The Habitat Schools Group is a private group of schools, with three schools situated in different areas of Ajman in the United Arab Emirates. It is the school that introduced the concept of Budget schooling in the northern emirates.

Overview
The first school of the group International Indian school was established in 2002, and by 2014, the second school Habitat School, Al Jurf was established with a new concept of schooling by merging the possibilities of space, pedagogy, and technology.

One of the strengths of expatriate education is the cultural variety and linguistic plurality. Habitat schools’ welcoming community is a space where different people from different continents and backgrounds come together with a common mission at heart: “Sharing and Caring for humanity”.

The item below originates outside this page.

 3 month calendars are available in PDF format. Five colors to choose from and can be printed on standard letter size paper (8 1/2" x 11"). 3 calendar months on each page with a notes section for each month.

As the schools, which introduced budget schooling in northern emirates, the mission was to make quality education accessible to all students, regardless of their cultural and financial status. For many expatriate students, school is the only space of socialization and it is the place where the majority of their life is spent.

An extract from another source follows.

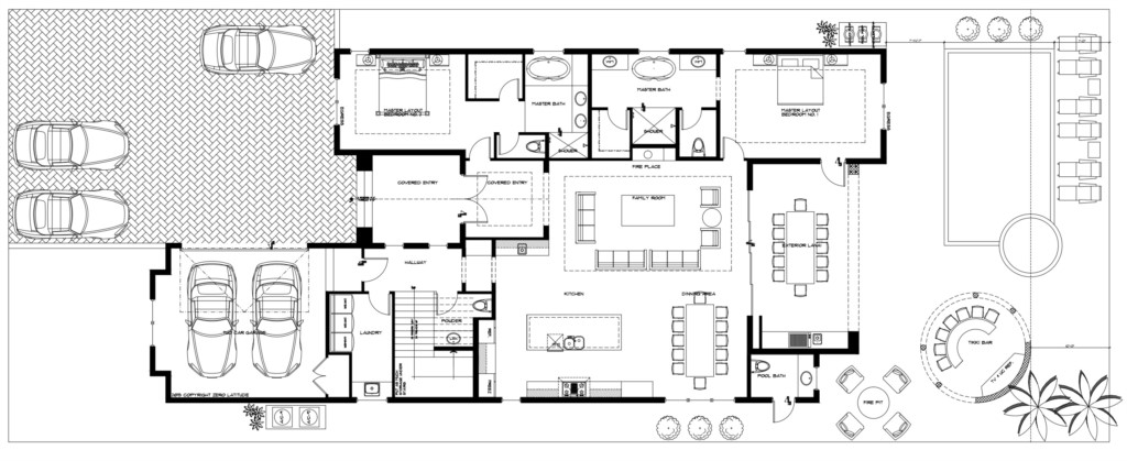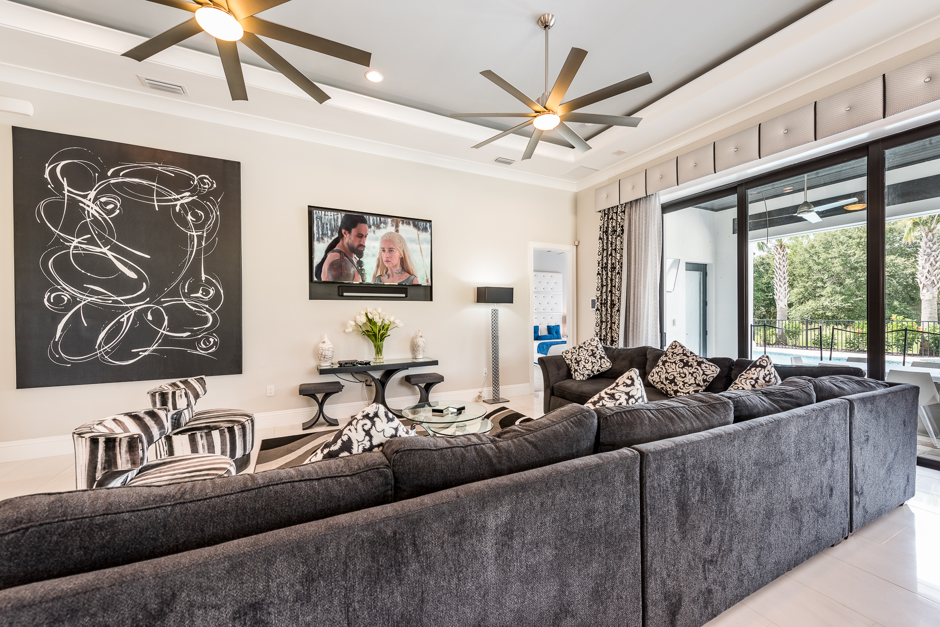 Spacious comfortable seating area with a large sectional and two accent chairs overlooking the private pool deck through sliding glass doors

The campuses are designed for students to explore a wide range of experiences, ranging from farming to computer coding. With more than 2000+ trees in the campuses, the students have a green-calm environment for their studies. There is also an organic farm with a greenhouse where students learn about plants and farming.

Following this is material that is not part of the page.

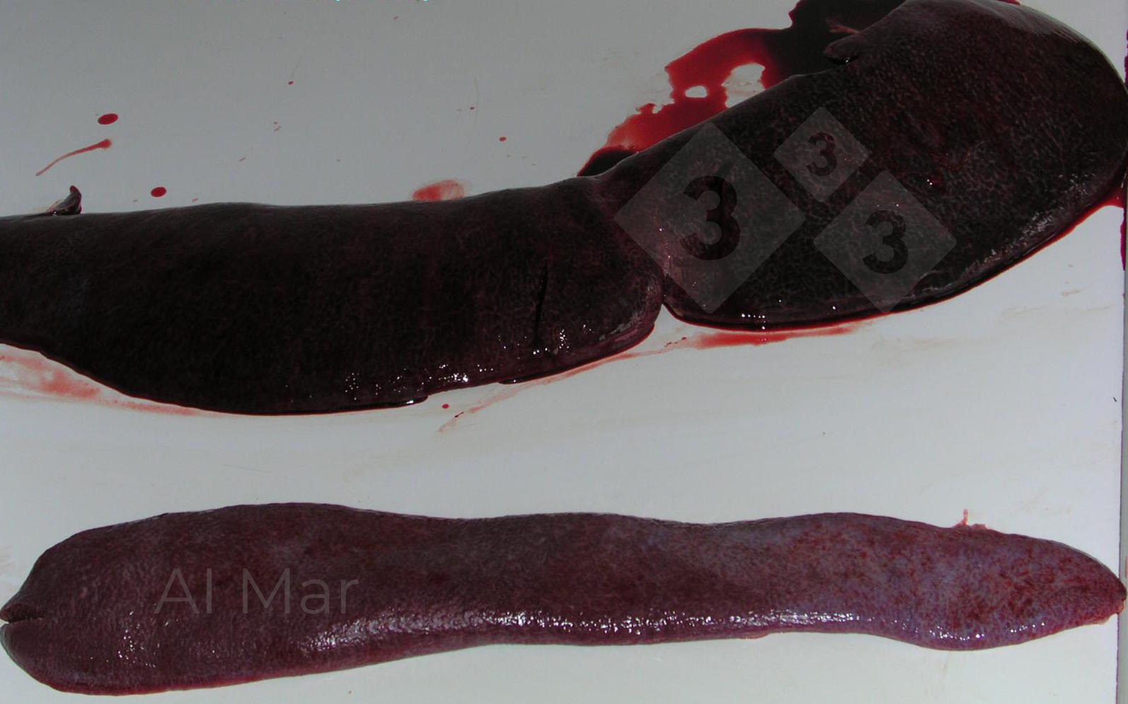 On constate une augmentation de la mortalité par mort subite chez les porcs d'engraissement. Les porcs post mortem présentent des anses intestinales distendues par des gaz, une couleur pourpre intense et sont remplis de liquide contenant beaucoup de sang.

The schools aim to introduce recent educational practices, for students to experience the basics of various domains during their school days. This has subsequently made the school group ‘The first in the UAE’ in many areas, from farming to an Artificial Intelligence Lab. The schools emphasise instilling the students with a sense of social responsibility and compassion for others and the wider living world. There are 46 nationalities and many cultures in the schools.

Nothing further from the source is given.